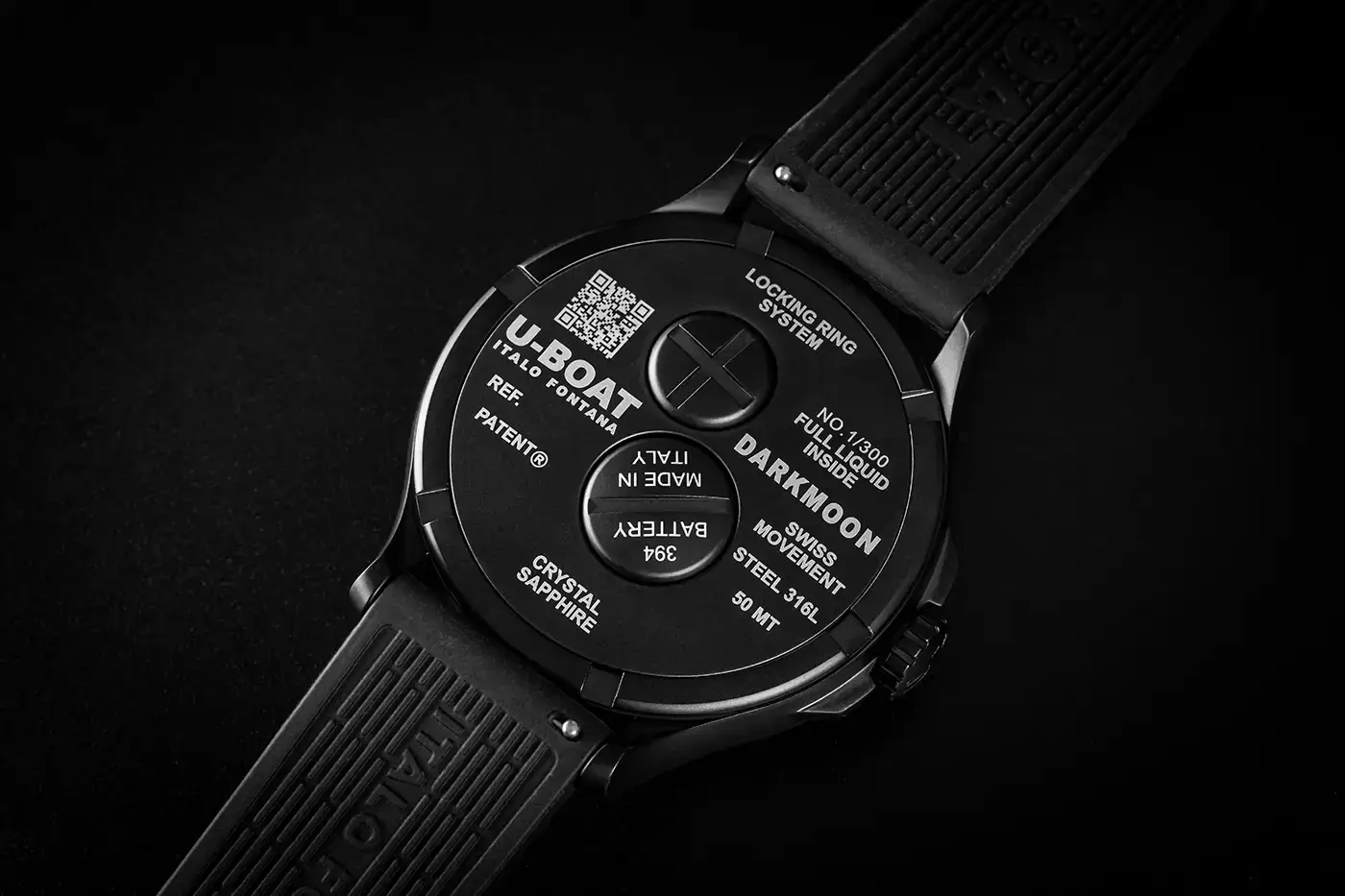 Hodinky U-BOAT ponořené v oleji jsou vyrobeny z nejkvalitnější oceli AISI 316L s černou PVD úpravou, která celému designu dodává tajemný nádech a skvěle ladí se zeleným gradientním číselníkem. Křemíkový strojek Ronda 762, obklopený olejovou lázní, zajišťuje nejen mimořádnou přesnost, ale i výjimečný optický efekt, kdy sklo jakoby mizí a zůstává jen čistý obraz času. Zadní víčko hodinek, které jsou vodotěsné do cca 50 metrů (sprchování/koupání), skrývá inovativní systém rychlé výměny baterie. Je doplněno o laserem gravírované sériové číslo a QR kód, který otevírá přístup k exkluzivní digitální verzi – důkaz pravosti a individuality každého kusu.
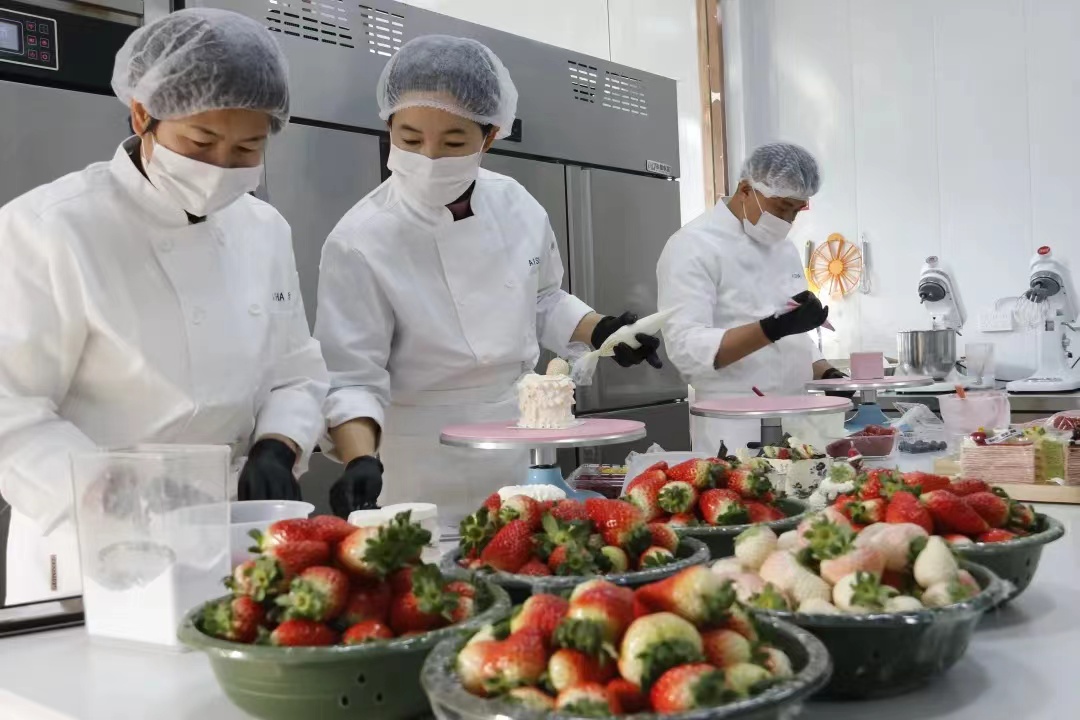 “随着草莓季的到来呢,我们也是推出了不少草莓系列新品,千层、吐司、小蛋糕等,其中就用到了我们头营镇马园村的草莓,最近的销量也是挺不错的,12月25日我们结合节日主题,以草莓为主要点缀,仅一天的蛋糕订单量就达到了300多单。”爸爸糖手工吐司负责人妥丽娜说。
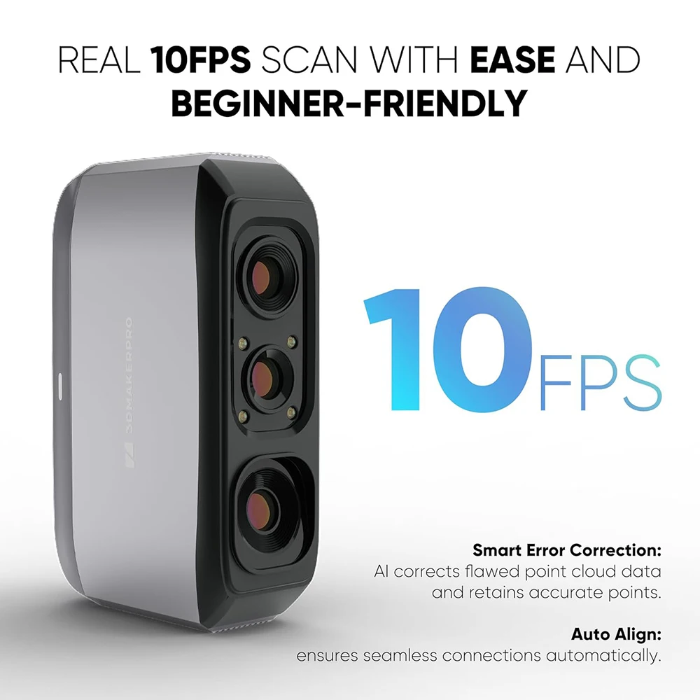 Escáner 3D 3DMakerpro Moose Lite, fuente de luz NIR, precisión de 0,05mm, resolución de 0,10mm, cámara a color de 24 bits, velocidad de fotogramas de 10fps, lentes antivibración, compatible con Windows/MacOS
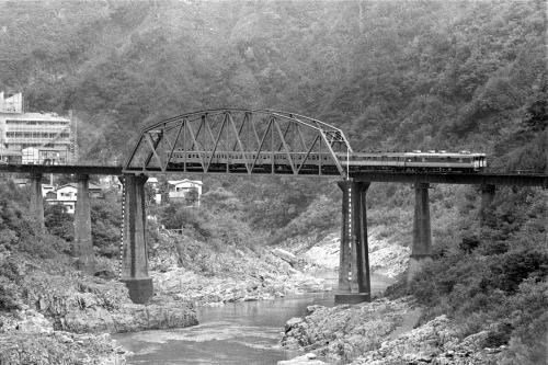 | 土讃本線の小歩危-大歩危間に,吉野川を渡る第二吉野川橋梁があります。 第二吉野川橋梁は, 1935年/昭和10年に架けられた曲弦ワーレントラス橋です。 橋長が249mあり,長編成列車の全景を撮影でき, 当時から,第二吉野川橋梁は鉄道撮影地として注目されていました。 一部のディーゼル列車には, 高松運転所のみに配置の郵政省所有の郵便気動車キユ25形(4輌)が連結されました。 |
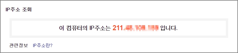 ▼ 이 컴퓨터의 IP 주소는 211.xxx.xxx.xxx 이렇게 나옵니다. 이게 공인 아이피 입니다.
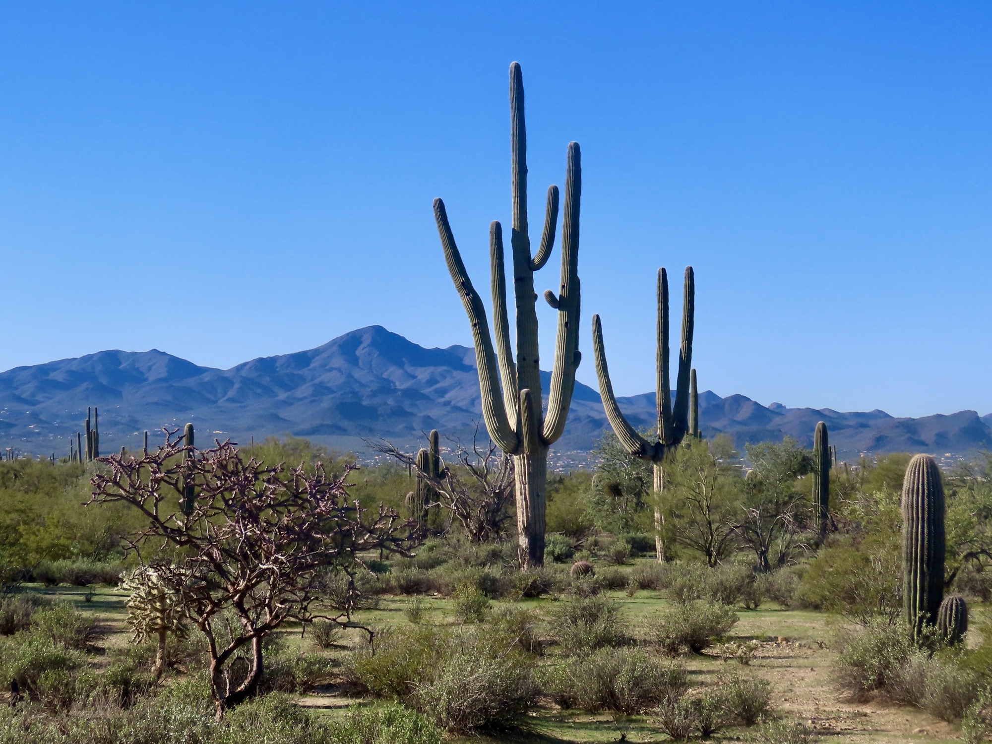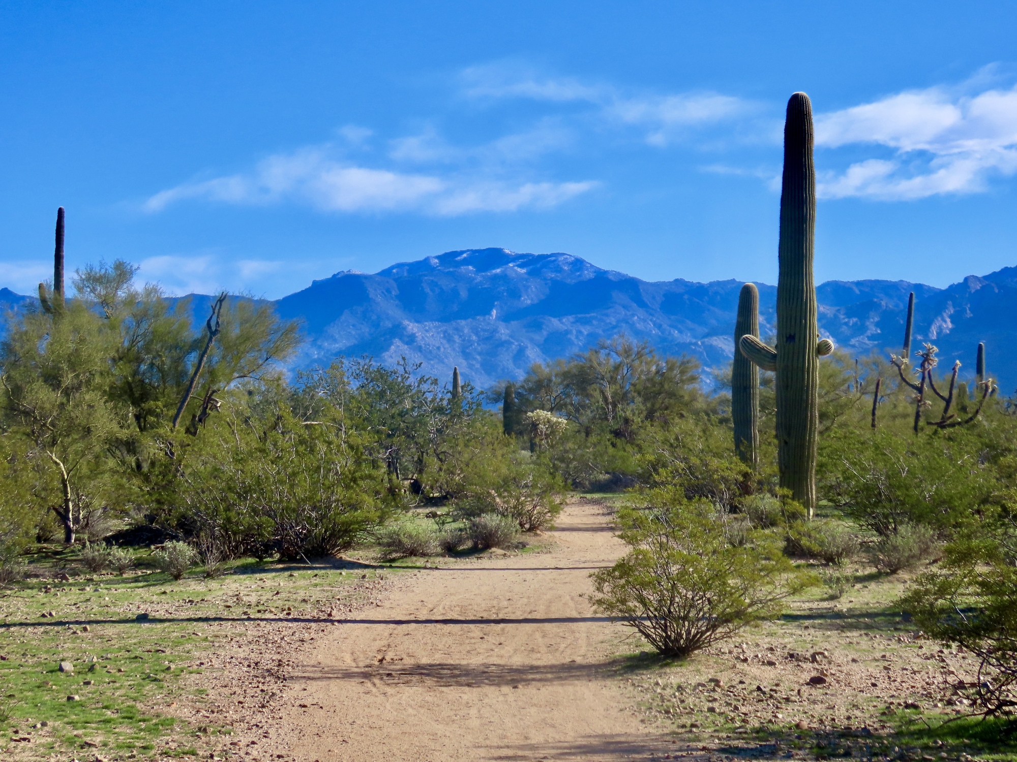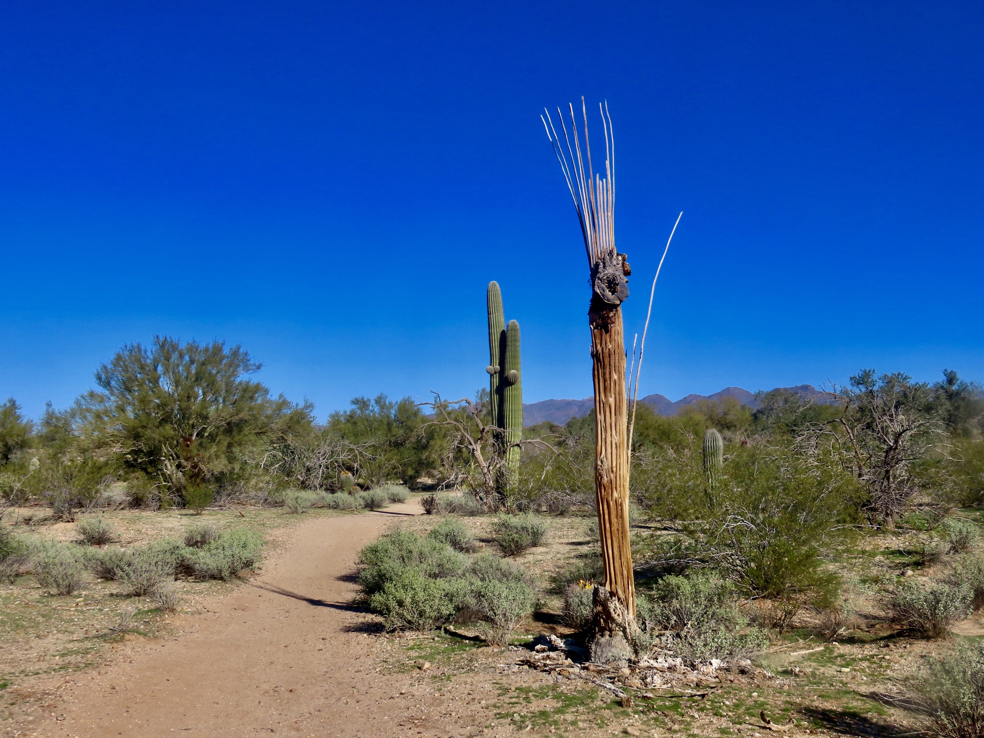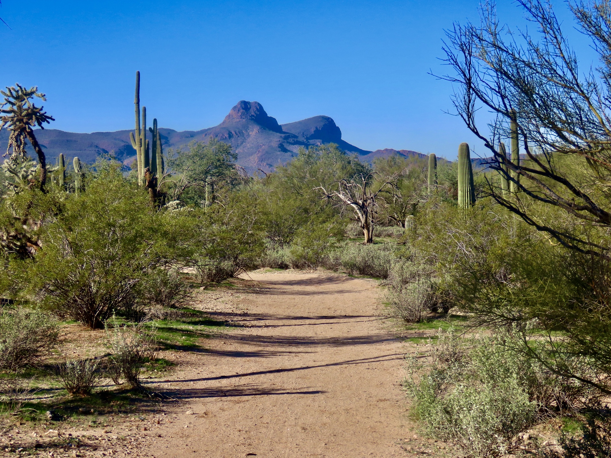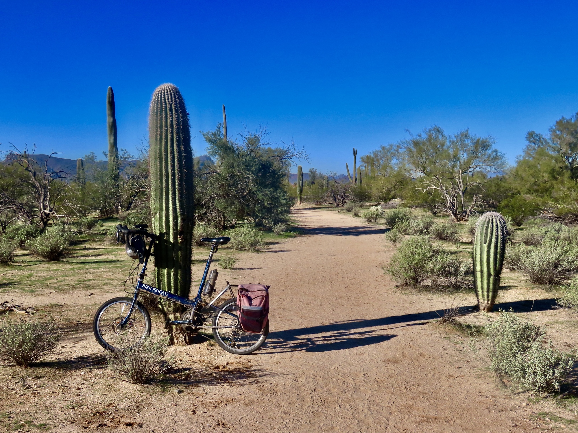 The trail is part of a large trail network in Maeheen Benan Desert Sanctuary, which turns out to be a fantastic spot. For a refreshing change bicycles are permitted, and the trail surface is decent enough that it's easy to manage with my bike. I follow the primary trail for about a mile before turning back, enjoying the desert scenes and splendid mountain vistas. I came out here for the birds, but really this desert preserve is the best thing here. It's my favorite discovery of the winter here.

- EXERCISE:
Above is a listing with pictures. Write it out exactly without them.

- RESPONSE TO THE EXERCISE:
 Hodinky U-BOAT ponořené v oleji jsou vyrobeny z nejkvalitnější oceli AISI 316L s černou PVD úpravou, která celému designu dodává tajemný nádech a skvěle ladí se zeleným gradientním číselníkem. Křemíkový strojek Ronda 762, obklopený olejovou lázní, zajišťuje nejen mimořádnou přesnost, ale i výjimečný optický efekt, kdy sklo jakoby mizí a zůstává jen čistý obraz času. Zadní víčko hodinek, které jsou vodotěsné do cca 50 metrů (sprchování/koupání), skrývá inovativní systém rychlé výměny baterie. Je doplněno o laserem gravírované sériové číslo a QR kód, který otevírá přístup k exkluzivní digitální verzi – důkaz pravosti a individuality každého kusu.
 “随着草莓季的到来呢,我们也是推出了不少草莓系列新品,千层、吐司、小蛋糕等,其中就用到了我们头营镇马园村的草莓,最近的销量也是挺不错的,12月25日我们结合节日主题,以草莓为主要点缀,仅一天的蛋糕订单量就达到了300多单。”爸爸糖手工吐司负责人妥丽娜说。
 Escáner 3D 3DMakerpro Moose Lite, fuente de luz NIR, precisión de 0,05mm, resolución de 0,10mm, cámara a color de 24 bits, velocidad de fotogramas de 10fps, lentes antivibración, compatible con Windows/MacOS
 | 土讃本線の小歩危-大歩危間に,吉野川を渡る第二吉野川橋梁があります。 第二吉野川橋梁は, 1935年/昭和10年に架けられた曲弦ワーレントラス橋です。 橋長が249mあり,長編成列車の全景を撮影でき, 当時から,第二吉野川橋梁は鉄道撮影地として注目されていました。 一部のディーゼル列車には, 高松運転所のみに配置の郵政省所有の郵便気動車キユ25形(4輌)が連結されました。 |
 ▼ 이 컴퓨터의 IP 주소는 211.xxx.xxx.xxx 이렇게 나옵니다. 이게 공인 아이피 입니다.
 The trail is part of a large trail network in Maeheen Benan Desert Sanctuary, which turns out to be a fantastic spot. For a refreshing change bicycles are permitted, and the trail surface is decent enough that it's easy to manage with my bike. I follow the primary trail for about a mile before turning back, enjoying the desert scenes and splendid mountain vistas. I came out here for the birds, but really this desert preserve is the best thing here. It's my favorite discovery of the winter here.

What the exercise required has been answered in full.